Installation view of 《Do Not Go Gentle into That Good Night》 © Chapter II

This exhibition was conceived as a response to the question: What meaning does art hold in a daily reality where fundamental rights such as free movement and assembly are restricted, and survival becomes the central concern? Measured by common standards, the intrinsic value of art cannot be quantified, nor does it offer immediate prosperity, material happiness, or direct solutions to scattered social problems. In a contemporary society saturated with AI and industrial technologies of extreme precision, art exists as a “totality of emotions”—an accumulation of human imperfection, layered thoughts, habits, and choices—thus resisting concise, definitive answers.
 
Nevertheless, art stimulates our vision and emotions, urging us to think and feel, and to reflect on both the work itself and the intentions concealed within it. Though once regarded as a uniquely human intellectual function, this act has been eroded under the pressures of efficiency, automation, standardization, and the overflow of media and social networks. Art rekindles this function. Its essential value lies in awakening and encouraging the human instinct to establish individuality and pursue spiritual elevation through observation, contemplation, and accumulated experience. In times of confusion, art calls us back to being human.

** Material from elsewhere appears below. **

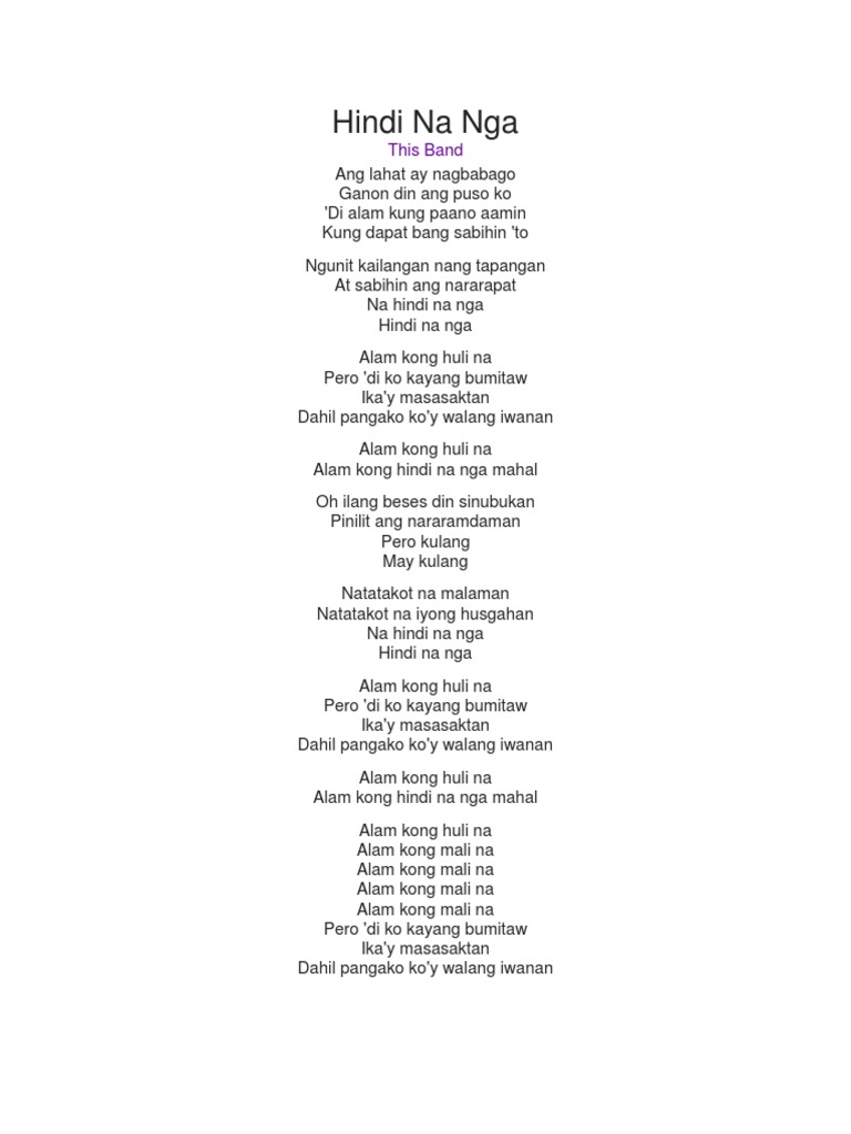Lubos na ang aking saya pag kasama kita pag wala ka di mapakali. 21092018 G D Em C x2 G D Ang lahat ay nagbabago Em C Ganon din ang puso ko G D Di alam kung paano aamin Em C Kung dapat bang sabihin to Em Ngunit kailangan nang tapangan D At sabihin ang nararapat C Na hindi na nga D Hindi na nga G Alam kong mali na D Pero di ko kayang bumitaw Em Ikay masasaktan C Dahil pangako koy walang iwanan G Alam kong huli na D Em C Alam kong hindi na nga mahal G Oh ilang beses din sinubukan D Pinilit ang nararamdaman Em Pero kulang C May kulang G Natatakot na. Sa ding ding Kana-boon Kana nishino Ka Kaťata bro Na bebić Na dosah Na hadry.

Installation view of 《Do Not Go Gentle into That Good Night》 © Chapter II

The four artists—each shaped by different environments and pursuing distinct styles as professional practitioners—interconnect within this exhibition, forming a unified yet rhizomatic message. Their works contain clues such as “creative citation of historical iconography,” “the strange coexistence of tranquility and systemic failure,” “persistent inquiry into otherness,” and “a fairy tale about the gap between fantasy and reality.” Occupying the exhibition space, these works visually evoke a lingering end-of-the-century atmosphere.
 
Bearing the label of 2020 as an “age of impossibility,” the works function as markers of transformation nurtured by the participating artists. They appear to silently address us—those who have endured and ultimately accepted a year overshadowed by fear—not to hastily bid farewell to 2020 in anticipation of an uncertain future, but to rage against the fading year, to remember what was meaningful, and to reflect.